Let's discuss it for the benefits, while also discussing self-regulation, maintaining knowledge-boundaries, and considerations of its use. It is important that you keep developing and expanding your knowledge of the language, and set boundaries with the use of AI. This may be trying to solve the problem on your own at first, or reading through the documentation to find the parameters before asking the bot. If you think about it, AI will use the documentation and the many forum posts from Stack Exchange, Stack Overflow, Geonet and more to formulate answers. Every code help site is also riddled with bad code, either from the initial question, or from the many attepmts that fellow developers tried to suggest. AI is not perfect and trusting it 100% without context could have career ending consequences, or worse, it could cost lives.

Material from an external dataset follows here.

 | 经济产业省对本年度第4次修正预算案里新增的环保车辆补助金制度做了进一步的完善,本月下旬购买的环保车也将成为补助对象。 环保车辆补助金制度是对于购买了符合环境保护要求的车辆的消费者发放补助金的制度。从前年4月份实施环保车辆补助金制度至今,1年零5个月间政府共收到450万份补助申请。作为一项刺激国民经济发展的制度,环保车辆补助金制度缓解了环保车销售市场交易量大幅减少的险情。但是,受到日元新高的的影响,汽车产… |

The Role of AI in Modern Development
AI-assisted programming leverages artificial intelligence tools to support developers in various stages of writing, debugging, and understanding code. One of the primary advantages of coding with AI is the ability to streamline the debugging process, saving significant time and effort compared to manual research. AI tools offer valuable insights into your code, allowing developers to address issues more efficiently and return to coding more quickly. In addition to debugging, AI automates routine tasks, freeing developers to focus on more complex and creative challenges. This is particularly beneficial for tasks that involve repetitive or boilerplate code, where AI can quickly generate snippets and scripts, acting as a major time-saver.
Beyond its utility in coding tasks, AI also serves as a powerful learning aid. For developers at any level, AI simplifies complex coding concepts and breaks them down into digestible explanations. This is especially helpful for those encountering unfamiliar functions, libraries, or advanced topics. AI tools provide real-time assistance by translating dense technical documentation into more understandable language. For example, if a developer is struggling with a specific Python library like Pandas or Numpy, AI can offer simple explanations and practical applications, making the learning curve less steep and more approachable.

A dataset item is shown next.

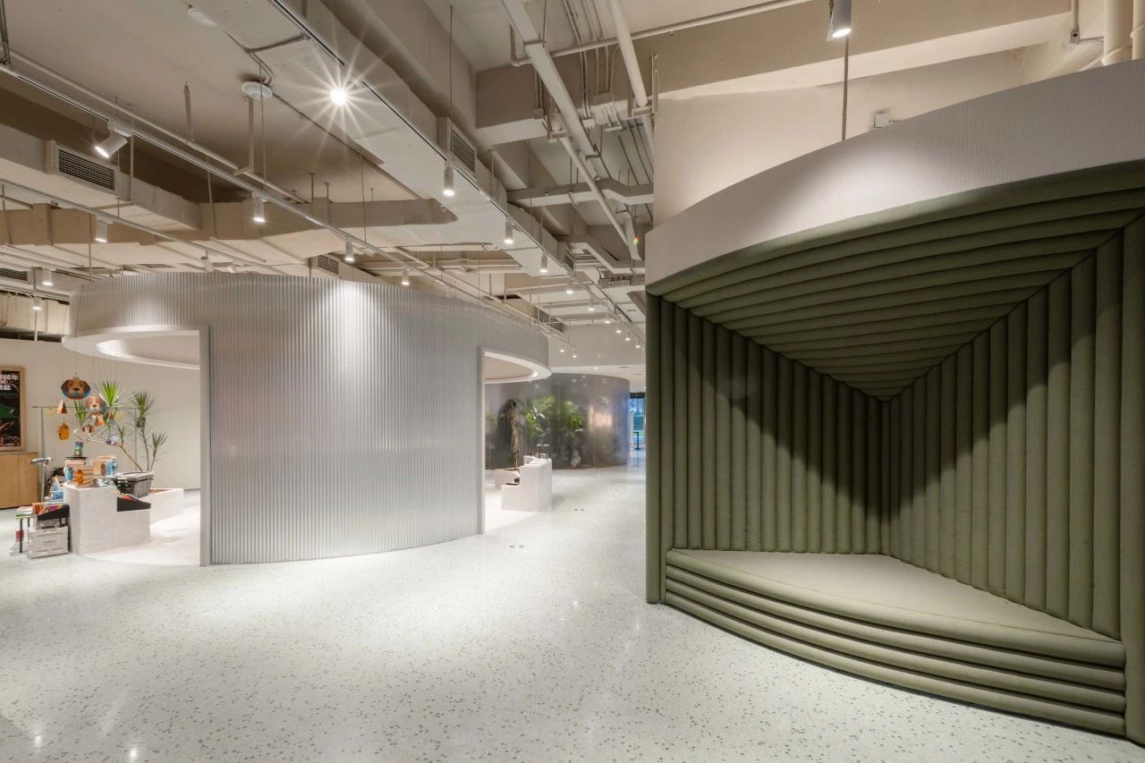 青山從濕地的線條和包裹式的形態(tài)中汲取靈感,塑造出整體空間形態(tài)。整個(gè)空間用曲線包裹功能空間,形成多個(gè)“功能泡泡”。通過不同材料和形態(tài)的運(yùn)用,賦予每個(gè)空間獨(dú)特的特性,暗合濕地的空間特點(diǎn);柔和曲折的動(dòng)線讓參觀者宛若漫步濕地,還原了一種移步異景的探索之感。

AI also fosters creativity and experimentation in coding by suggesting alternative approaches to problem solving. Developers can explore a variety of solutions, often discovering more efficient or innovative ways to write their code. Instant feedback from AI promotes rapid iteration, helping developers refine their techniques and adapt quickly to different coding styles. For instance, if a developer is unsure whether a loop or list comprehension is more suitable for a task, AI can not only suggest both but also explain the pros and cons of each, enriching the developer’s understanding of Python’s flexibility. However, it’s essential for developers to thoroughly review the output provided by AI, ensuring it aligns with their project requirements and best practices. For example:
is a loop or list comprehension better here?
1 2 3 4 5 | idList = [] with arcpy.da.SearchCursor(clipper, [field]) as cursor: for row in cursor: id = row[ 0 ] idList.append( id ) |
In your example, it's more efficient and concise to use list comprehension. List comprehensions are considered more Pythonic and are used where possible over simple for-loops as they are faster and more readable. So you could refactor the code to be:
1 2 | with arcpy.da.SearchCursor(clipper, [field]) as cursor: idList = [row[ 0 ] for row in cursor] |
This version of the code does exactly the same thing as your loop, but in a simpler and more readable way. It creates a list containing the first element of each row in the cursor.
A more powerful example can be seen with getting help with regex.
How can this be refactored? GT_Image[\d?]\|([a-zA-Z0-9]*-[a-zA-Z0-9]*-[a-zA-Z0-9]*-[a-zA-Z0-9]*-[a-zA-Z0-9]*)
Your regular expression GTV_Image[\d?]\|([a-zA-Z0-9]*-[a-zA-Z0-9]*-[a-zA-Z0-9]*-[a-zA-Z0-9]*-[a-zA-Z0-9]*) can be refactored for better readability and efficiency. Here’s a cleaned-up version:
GTV_Image\d?\|([a-zA-Z0-9]{8}-[a-zA-Z0-9]{4}-[a-zA-Z0-9]{4}-[a-zA-Z0-9]{4}-[a-zA-Z0-9]{12}) Here's the breakdown:
- GT_Image\d?: Matches the literal string "GTV_Image" followed by an optional digit (\d?).
- \|: Matches the pipe character (|).
- ([a-zA-Z0-9]{8}-[a-zA-Z0-9]{4}-[a-zA-Z0-9]{4}-[a-zA-Z0-9]{4}-[a-zA-Z0-9]{12}): Matches a UUID pattern which is composed of:
- 8 alphanumeric characters
- 4 alphanumeric characters
- 4 alphanumeric characters
- 4 alphanumeric characters
- 12 alphanumeric characters
This snippet from AI can be copied as a code comment to help readers of your code understand what the regex is doing without leaving the script.
In terms of code review, AI plays a critical role by offering suggestions to improve and optimize code, enhancing both its performance and readability. By identifying potential pitfalls and pointing out runtime errors, AI helps mitigate risks early in the development cycle, contributing to the overall stability and reliability of the code. AI’s ability to provide feedback on coding standards and best practices enables developers to refine their skills and adopt industry-standard practices. For example, if a developer is writing inefficient code with unnecessary repetitions, AI could suggest refactoring techniques like DRY (Don’t Repeat Yourself) to improve the overall design.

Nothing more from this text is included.